Once the pictures are set aside, transcribe each line of the data exactly.

===== Information supplied

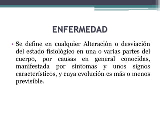 Este documento resume la historia de la salud y la enfermedad desde la medicina primitiva hasta la actualidad. Explica cómo las concepciones de la enfermedad han evolucionado de ser atribuidas a fuerzas sobrenaturales a entenderse como desequilibrios biológicos y cómo los descubrimientos recientes han llevado a explicaciones más complejas que involucran factores biológicos, psicológicos y sociales. También introduce el concepto de la cadena epidemiológica y sus componentes: agente, huésped y amb
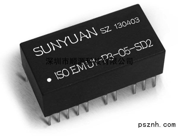 SunYuan DIP24 Pin封装ISO EM-SD系列,模拟有源信号隔离变送器配电器是一种磁电隔离的混合集成电路。该IC支持单端信号及差分信号输入,且内部在同一芯片上集成了一个多组隔离的DC/DC变换电源和一组磁电耦合的模拟信号隔离放大器隔离变送器。特别适用于:0-10mV/0-20mV/0-75mV/0-100mV的小信号放大及0-5V/0-10V/0-1mA/4-20mA等标准信号的隔离变送。它采用磁电偶合的低成本方案,主要用于对EMC(电磁干扰)无特殊要求的场合。该芯片的输出的隔离电源除了为内部放大电路供电外,还可以向外提供一组高负载能力的 (最大40mA) 隔离稳压电源和两个基准电压源,可供外部电路扩展用,如电桥电路、基准电路等。SMD工艺结构及新技术隔离措施使该器件能达到:辅助电源、信号输入/输出、配电电源之间3000VDC四隔离。并且能满足工业级宽温度、潮湿、震动的现场恶劣工作环境要求。
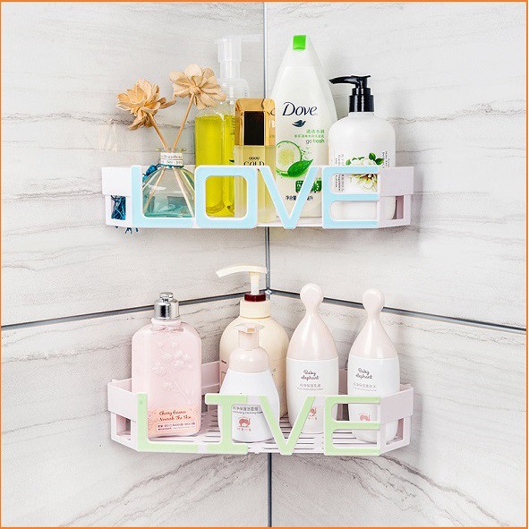 Nhà cửa & Đời sống > Đồ dùng phòng tắm > Kệ để đồ phòng tắm || Kệ nhà tắm GOOD MOOD - khay nhựa trang trí LIVE LOVE dán tường chịu lực có móc treoCòn hàng
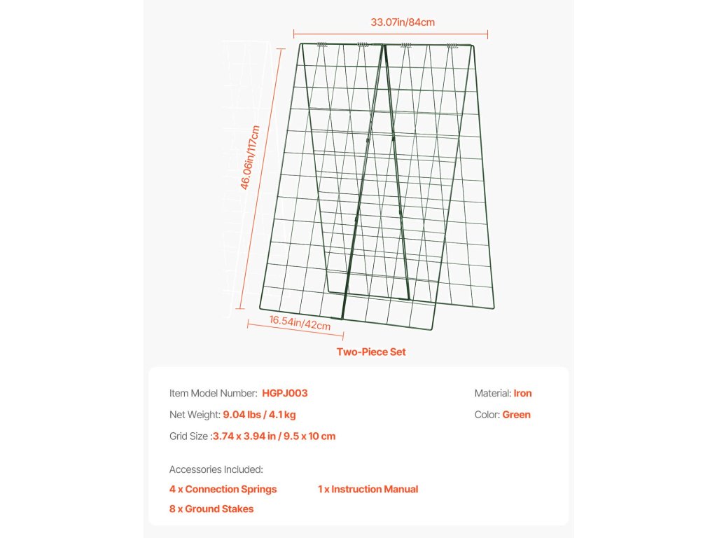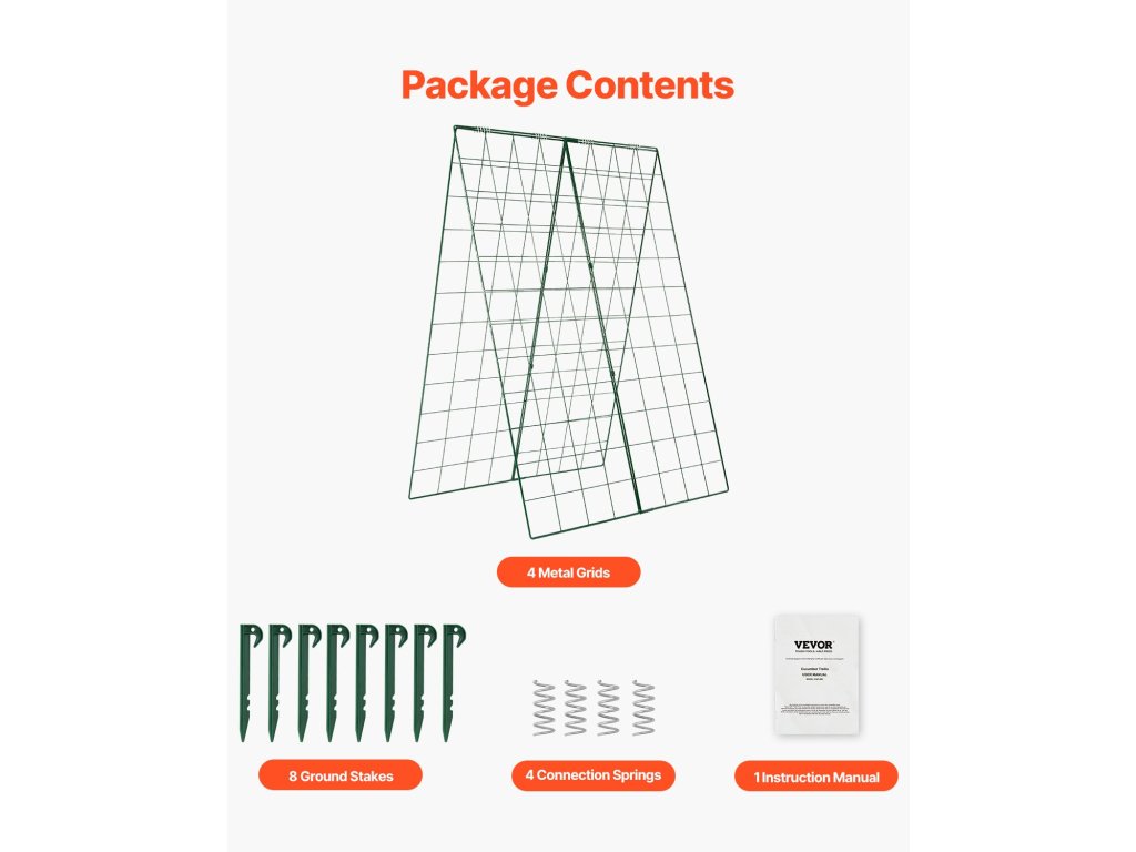 A tartós fémkeretből készült, korróziógátló bevonattal ellátott uborkarács erős és ellenáll a korróziónak és a szélnek. Nincs szükség szerszámokra. Egyszemélyes felállítás! Ideális uborkához és más kúszónövényekhez, javítja a légáramlást, elősegíti a növekedést a bőséges termés érdekében.

==========

» Answer:
 Este documento resume la historia de la salud y la enfermedad desde la medicina primitiva hasta la actualidad. Explica cómo las concepciones de la enfermedad han evolucionado de ser atribuidas a fuerzas sobrenaturales a entenderse como desequilibrios biológicos y cómo los descubrimientos recientes han llevado a explicaciones más complejas que involucran factores biológicos, psicológicos y sociales. También introduce el concepto de la cadena epidemiológica y sus componentes: agente, huésped y amb
 SunYuan DIP24 Pin封装ISO EM-SD系列,模拟有源信号隔离变送器配电器是一种磁电隔离的混合集成电路。该IC支持单端信号及差分信号输入,且内部在同一芯片上集成了一个多组隔离的DC/DC变换电源和一组磁电耦合的模拟信号隔离放大器隔离变送器。特别适用于:0-10mV/0-20mV/0-75mV/0-100mV的小信号放大及0-5V/0-10V/0-1mA/4-20mA等标准信号的隔离变送。它采用磁电偶合的低成本方案,主要用于对EMC(电磁干扰)无特殊要求的场合。该芯片的输出的隔离电源除了为内部放大电路供电外,还可以向外提供一组高负载能力的 (最大40mA) 隔离稳压电源和两个基准电压源,可供外部电路扩展用,如电桥电路、基准电路等。SMD工艺结构及新技术隔离措施使该器件能达到:辅助电源、信号输入/输出、配电电源之间3000VDC四隔离。并且能满足工业级宽温度、潮湿、震动的现场恶劣工作环境要求。
 Nhà cửa & Đời sống > Đồ dùng phòng tắm > Kệ để đồ phòng tắm || Kệ nhà tắm GOOD MOOD - khay nhựa trang trí LIVE LOVE dán tường chịu lực có móc treoCòn hàng
 A tartós fémkeretből készült, korróziógátló bevonattal ellátott uborkarács erős és ellenáll a korróziónak és a szélnek. Nincs szükség szerszámokra. Egyszemélyes felállítás! Ideális uborkához és más kúszónövényekhez, javítja a légáramlást, elősegíti a növekedést a bőséges termés érdekében.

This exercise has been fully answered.